第三十七章 暗闇の学園で待つもの[月夜のもとに]
コツ…コツ…。
夜の学園は静寂に包まれ、自分の歩く音だけが廊下にこだまする。
反響音が聞こえてくる度に、深い闇からの言い表せない不安と背後にまとわりつくような恐怖心に、心を少しずつ支配されていくのがわかる。
ワケもなく嫌な感覚から周囲を警戒しながら進んでいく。
ギネス級のお化け屋敷や、曰く付きの心霊スポットの中に1人取り残されてしまった。
そんな感じさえしてしまうくらいだ。
コツ…コツ…コツ。
廊下を進んでいくとある教室に明かりが見えた。
光一朗「…ふぅ…。」
人は暗闇の中で感じる不安や孤独感は、火や光などの明るさに触れることで一時解放されることがある。
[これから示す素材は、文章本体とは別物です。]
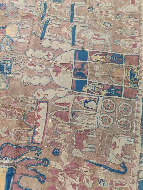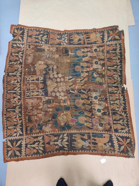 each worked in appliqué with a depiction of a shrine, surrounded by elephants, and armed mounted horsemen with shields and swords, with border of trees with couples standing beneath, losses and damage, approximately 120 x140cm; 125 x 125cm; 95 x 120cm (3)

心理的な反応によるものなのだろう。俺は1つ溜め息をつくと肩の力に抜いた。
教室にいたのは机に伏せた体勢のままの小鳥遊ありかだった。
気持ちよく寝ているものを起こすのは気が引けるが、電話の内容も気になり、避難させた方がいいだろうと判断し起こすことにした。
光一朗「ありか、起きろって。」
肩を軽く二、三度ゆすって声をかけた。
ありか「…………。」
熟睡しているのか起きる気配は全くない。